Esto es lo que pasa cada vez que intento hablar con él, no deja de repetir mis errores, lanzando comentarios que sabe que me van a herir.

—Solo quería tener una familia contigo, un hogar —murmuro.

—Yo no, Tarah, yo no quería tener una familia ni un hogar contigo —dice entre dientes.

Alzo la cabeza y lo miro, con las lágrimas ya saliendo sin control, mojando mi cuello y mi ropa, arruinando mi maquillaje.

—¿Por qué te casaste conmigo entonces?

Adopta una postura que me hace temblar, sus gestos se vuelven crueles. Me aterra lo que dirá.

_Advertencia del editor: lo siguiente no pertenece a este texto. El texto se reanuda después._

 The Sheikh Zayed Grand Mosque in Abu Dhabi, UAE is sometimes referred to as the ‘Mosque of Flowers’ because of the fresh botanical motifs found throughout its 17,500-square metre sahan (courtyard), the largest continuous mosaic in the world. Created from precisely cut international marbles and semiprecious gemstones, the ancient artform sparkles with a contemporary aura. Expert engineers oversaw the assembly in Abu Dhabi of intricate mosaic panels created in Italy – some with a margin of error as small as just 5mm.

—Porque estabas buena, pero ya ni siquiera tenemos eso, ¿verdad?

Y con esas palabras se va, sale de la habitación, me deja sola y rota.

Me derrumbo en el sillón.

Me siento pequeñita e insignificante.

Me abrazo a mí misma porque el hielo empieza a congelarme por dentro, el frío me atraviesa.

Ya no sé si lo conozco, ya no sé si siempre fue así y no quise verlo, no sé si nos convertimos en esto o si siempre fue igual. ¿Dijo eso para lastimarme o es verdad?

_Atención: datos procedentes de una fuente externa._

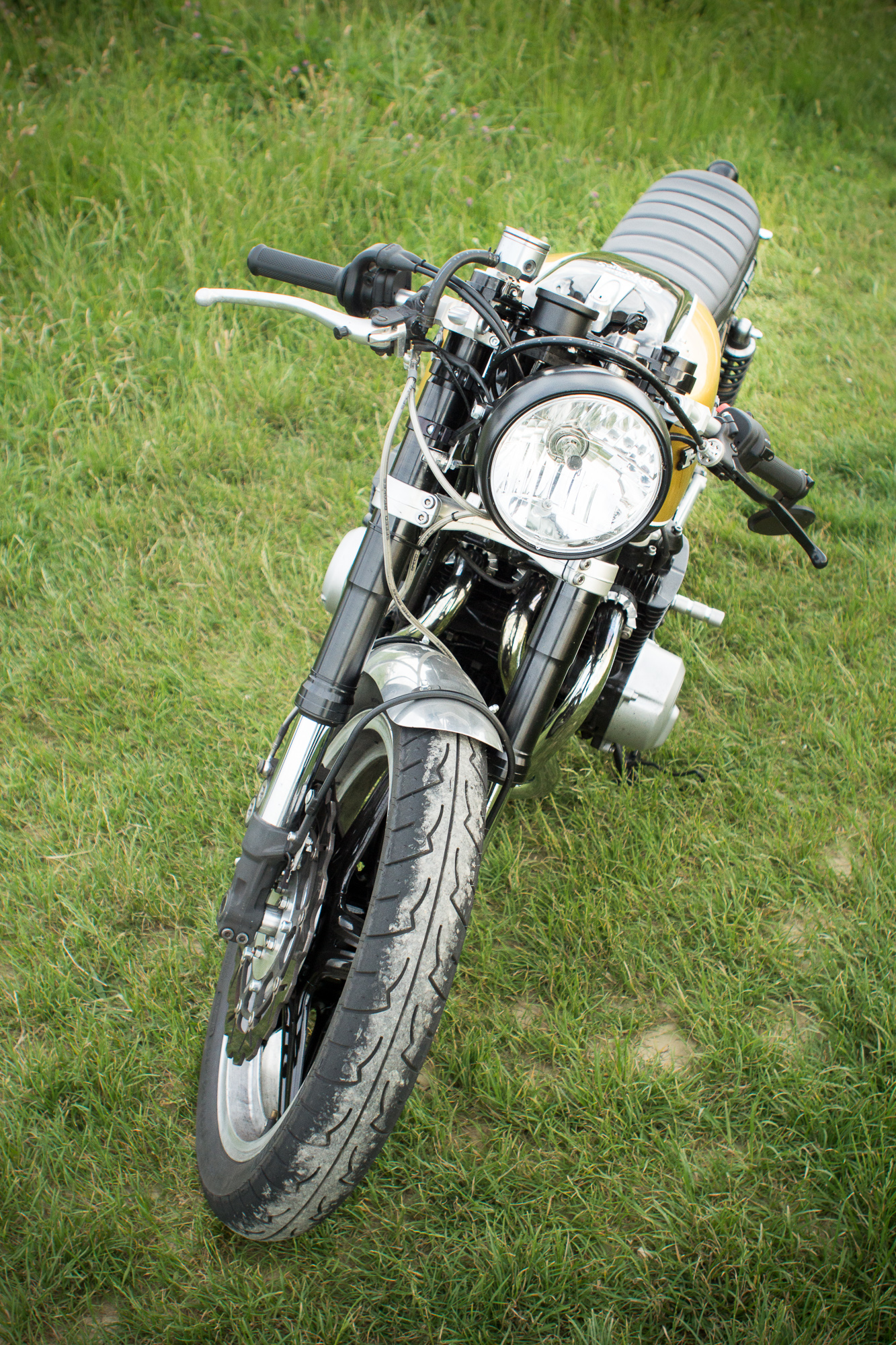 L’ adaptation d’une fourche inversée lui donne un freinage précis et puissant. Le réservoir a été retravaillé afin de lui adjoindre des emplacements pour les genoux. Le moteur bien évidemment entièrement démonté, révisé, et remis à neuf. Les demi-guidon aluminium assurent une position parfaite, et s’accordent avec le compteur digital. La selle biplace accueille une coque arrière en métal réalisée sur mesure lorsque madame ne participe pas à la ballade.

Me siento como una basura.

De verdad creo que lo soy.

Creo que hay algo oscuro y retorcido dentro de mí, que no me merezco a las hijas tan hermosas y maravillosas que tengo.

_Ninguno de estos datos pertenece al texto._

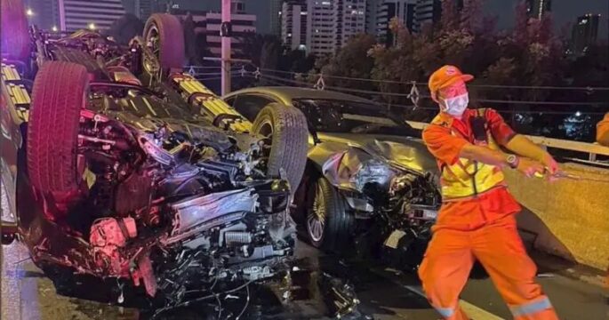 The police pressed charges against the Bentley driver for reckless driving that causes damage and injuries to others after the accident, which involved three vehicles on an expressway early Sunday.

Cuando me levanto de mi asiento no es porque me sienta mejor, es porque no puedo mostrarles a los demás que mi alma duele porque me avergüenza lo que hice, no quiero que se enteren, no podría soportar los rostros decepcionados de mi familia. No puedo perderlos a ellos también.

Me aseguro de maquillarme de nuevo, de crear esa máscara para que nadie más pueda ver lo mierda que puedo llegar a ser. 



Estoy trabajando en los planos de un edificio, pero no puedo concentrarme por darle vueltas a lo mismo una y otra vez.

Borro, furiosa, los trazos que acabo de hacer. Necesito ruido, música estridente que aparte mis pensamientos, pero no voy a traer una bocina a la oficina ni aturdiré a todos con los gritos del estéreo.

Me tallo la cara con frustración.

Ya basta, Tarah.

Como si pudiera escucharme o presentir cómo me siento, Leonel hace su típica entrada. No llama ni deja que Liliana me avise, avienta la puerta, la cual se estrella en la pared. Lili me lanza una mirada de disculpa como cada vez que sucede esto, le doy una sonrisa para que deje de preocuparse, cierra la puerta.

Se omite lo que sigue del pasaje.